**DATASET**
BEGIN
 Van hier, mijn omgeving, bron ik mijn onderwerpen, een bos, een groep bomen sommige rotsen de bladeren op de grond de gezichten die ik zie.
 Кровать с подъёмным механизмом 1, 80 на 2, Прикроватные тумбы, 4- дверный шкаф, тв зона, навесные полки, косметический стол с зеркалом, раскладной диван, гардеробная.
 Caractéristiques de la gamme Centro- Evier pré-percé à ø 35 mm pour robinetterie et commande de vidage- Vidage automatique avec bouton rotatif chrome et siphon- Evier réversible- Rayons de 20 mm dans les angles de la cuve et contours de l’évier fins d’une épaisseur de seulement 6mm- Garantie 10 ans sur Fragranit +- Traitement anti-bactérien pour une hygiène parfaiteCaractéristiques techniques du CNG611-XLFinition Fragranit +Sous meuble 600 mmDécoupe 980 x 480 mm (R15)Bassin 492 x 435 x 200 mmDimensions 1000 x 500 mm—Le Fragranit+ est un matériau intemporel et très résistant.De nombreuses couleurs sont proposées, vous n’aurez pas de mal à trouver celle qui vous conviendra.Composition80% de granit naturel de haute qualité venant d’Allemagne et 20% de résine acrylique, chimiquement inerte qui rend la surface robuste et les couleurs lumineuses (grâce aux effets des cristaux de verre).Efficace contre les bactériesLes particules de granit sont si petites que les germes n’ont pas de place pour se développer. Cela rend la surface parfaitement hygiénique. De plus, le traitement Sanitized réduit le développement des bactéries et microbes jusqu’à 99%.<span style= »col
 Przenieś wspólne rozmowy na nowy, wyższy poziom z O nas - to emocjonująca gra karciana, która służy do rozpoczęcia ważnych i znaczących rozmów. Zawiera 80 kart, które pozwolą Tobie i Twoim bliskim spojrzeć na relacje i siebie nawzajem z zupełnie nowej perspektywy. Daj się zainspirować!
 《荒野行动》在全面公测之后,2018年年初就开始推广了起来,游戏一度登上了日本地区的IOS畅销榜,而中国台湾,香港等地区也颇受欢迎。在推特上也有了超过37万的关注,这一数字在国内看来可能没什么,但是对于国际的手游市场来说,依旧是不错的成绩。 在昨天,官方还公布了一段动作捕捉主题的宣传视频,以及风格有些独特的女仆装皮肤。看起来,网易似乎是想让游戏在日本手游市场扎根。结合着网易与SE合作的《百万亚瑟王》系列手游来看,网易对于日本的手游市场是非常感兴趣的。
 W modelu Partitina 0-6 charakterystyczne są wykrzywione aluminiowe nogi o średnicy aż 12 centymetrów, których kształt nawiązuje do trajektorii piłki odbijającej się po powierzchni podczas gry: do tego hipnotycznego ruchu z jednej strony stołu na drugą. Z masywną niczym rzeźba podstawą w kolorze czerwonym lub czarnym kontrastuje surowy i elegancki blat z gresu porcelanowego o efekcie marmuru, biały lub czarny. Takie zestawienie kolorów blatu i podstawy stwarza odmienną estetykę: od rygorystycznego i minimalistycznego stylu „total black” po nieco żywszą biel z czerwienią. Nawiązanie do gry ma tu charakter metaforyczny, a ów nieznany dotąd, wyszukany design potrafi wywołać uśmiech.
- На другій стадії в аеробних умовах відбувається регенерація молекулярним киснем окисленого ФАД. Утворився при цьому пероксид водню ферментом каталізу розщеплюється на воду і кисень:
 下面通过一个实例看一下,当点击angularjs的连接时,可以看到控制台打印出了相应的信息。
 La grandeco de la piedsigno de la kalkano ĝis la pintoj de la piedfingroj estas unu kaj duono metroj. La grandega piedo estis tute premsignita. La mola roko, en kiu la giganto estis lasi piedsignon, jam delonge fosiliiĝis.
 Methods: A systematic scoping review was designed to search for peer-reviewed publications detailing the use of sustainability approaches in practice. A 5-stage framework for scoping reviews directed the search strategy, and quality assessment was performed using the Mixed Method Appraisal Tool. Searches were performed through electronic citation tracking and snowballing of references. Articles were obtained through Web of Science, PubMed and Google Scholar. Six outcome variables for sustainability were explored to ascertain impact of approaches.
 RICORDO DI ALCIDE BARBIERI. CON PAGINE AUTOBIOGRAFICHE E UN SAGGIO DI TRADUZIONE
END
BEGIN
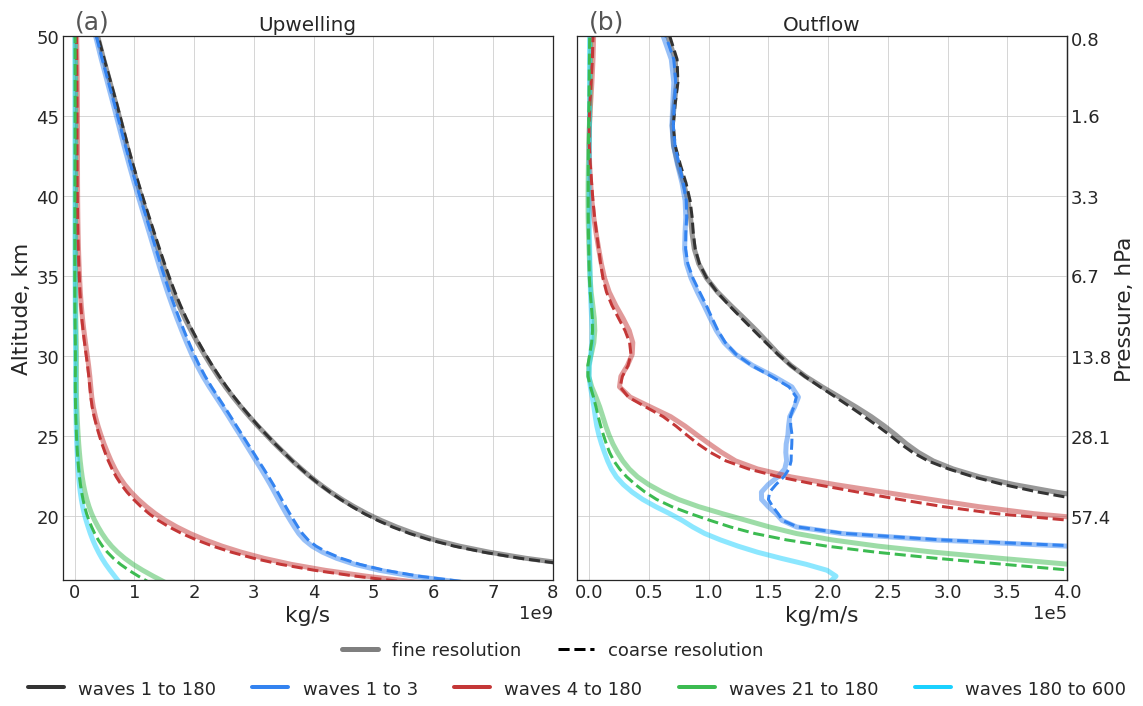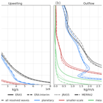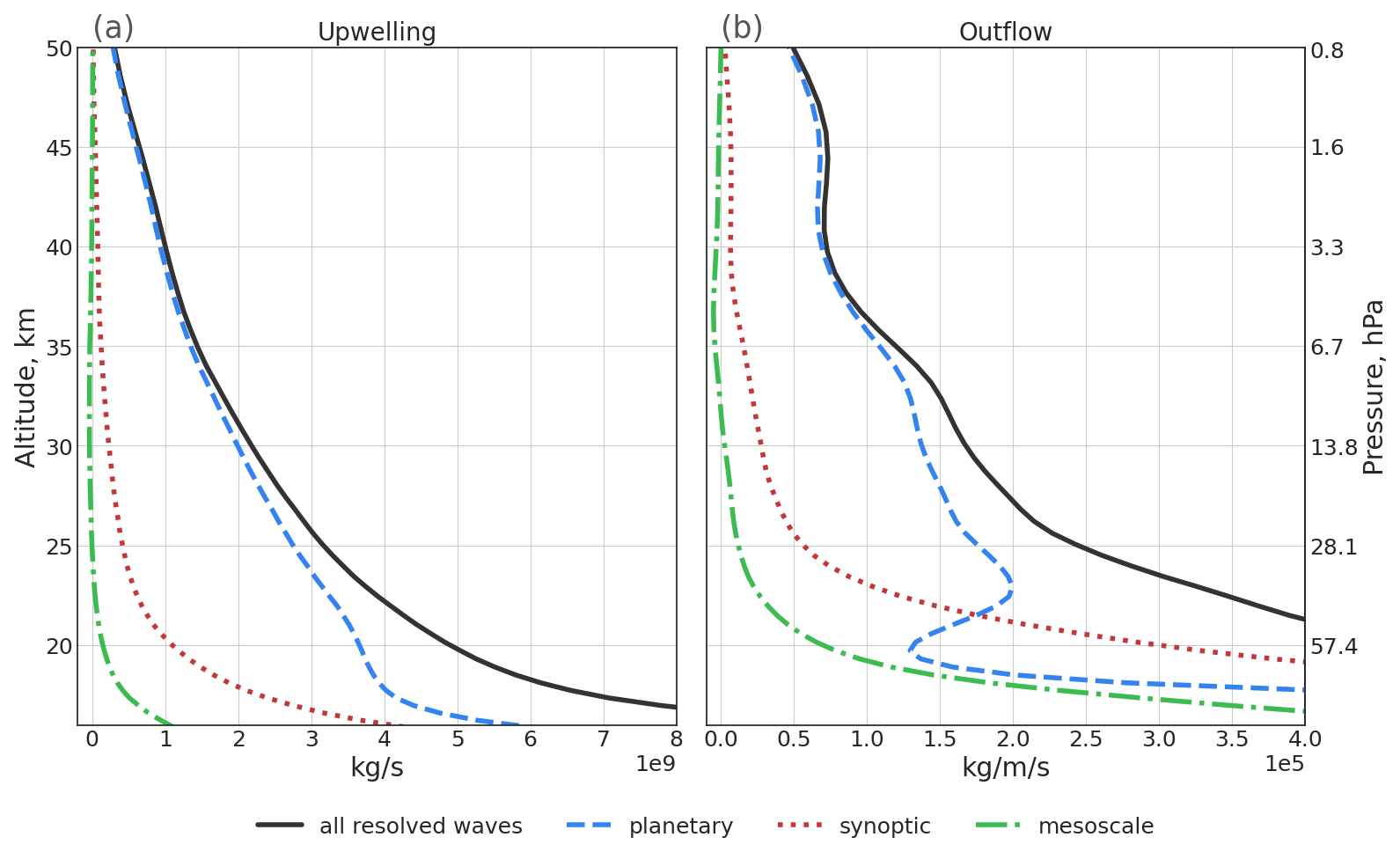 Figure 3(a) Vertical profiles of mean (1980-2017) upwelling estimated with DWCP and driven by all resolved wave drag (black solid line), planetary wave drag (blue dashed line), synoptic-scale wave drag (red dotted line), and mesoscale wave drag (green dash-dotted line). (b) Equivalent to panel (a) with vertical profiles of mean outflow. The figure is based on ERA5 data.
END
**DESCRIPTION OF THE TASK**
After locating the line holding "Van hier, mijn" above, output exactly that line and every line after it through the line holding "Кровать с подъёмным". Include nothing else.

**FINISHED EXERCISE**
 Van hier, mijn omgeving, bron ik mijn onderwerpen, een bos, een groep bomen sommige rotsen de bladeren op de grond de gezichten die ik zie.
 Кровать с подъёмным механизмом 1, 80 на 2, Прикроватные тумбы, 4- дверный шкаф, тв зона, навесные полки, косметический стол с зеркалом, раскладной диван, гардеробная.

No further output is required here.